__Provided material__
====
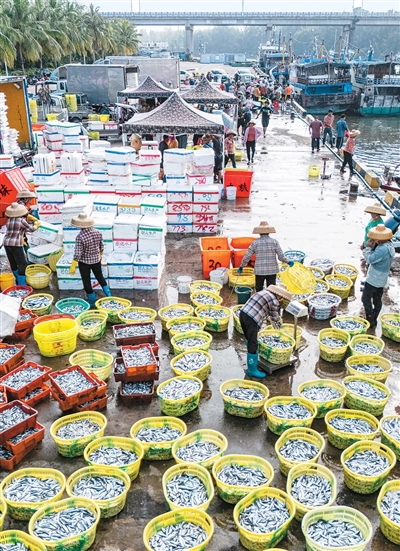 近日,在海南省琼海市潭门中心渔港,渔民在码头装卸渔获。
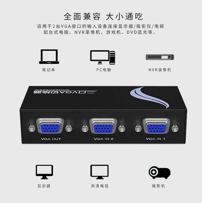 VGA two-in-one-out switcher 2 computer hosts Surveillance video recorder share one monitor screen
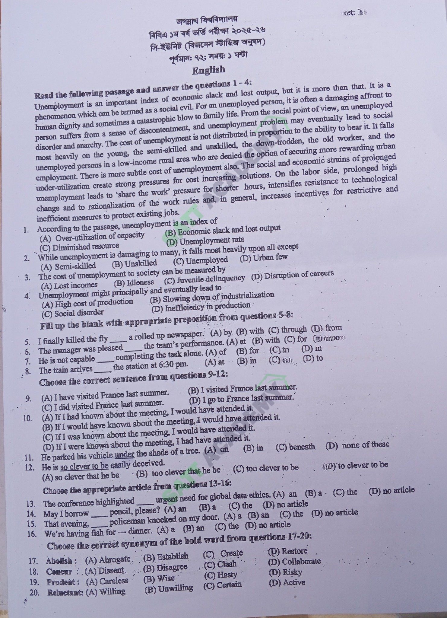জগন্নাথ বিশ্ববিদ্যালয় - সি ইউনিট (নন-কমার্স) (বিজনেস স্টাডিজ অনুষদ) শিক্ষাবর্ষ : ২০২৫-২০২৬ (27-12-2025) এর মূল প্রশ্ন ও সমাধান, Hard Copy প্রশ্ন আপলোড, প্রশ্ন ব্যাংক আপলোড, MCQ
====
__To do__
Pictures aside, retype the material exactly.

__Task response__
 近日,在海南省琼海市潭门中心渔港,渔民在码头装卸渔获。
 VGA two-in-one-out switcher 2 computer hosts Surveillance video recorder share one monitor screen
জগন্নাথ বিশ্ববিদ্যালয় - সি ইউনিট (নন-কমার্স) (বিজনেস স্টাডিজ অনুষদ) শিক্ষাবর্ষ : ২০২৫-২০২৬ (27-12-2025) এর মূল প্রশ্ন ও সমাধান, Hard Copy প্রশ্ন আপলোড, প্রশ্ন ব্যাংক আপলোড, MCQ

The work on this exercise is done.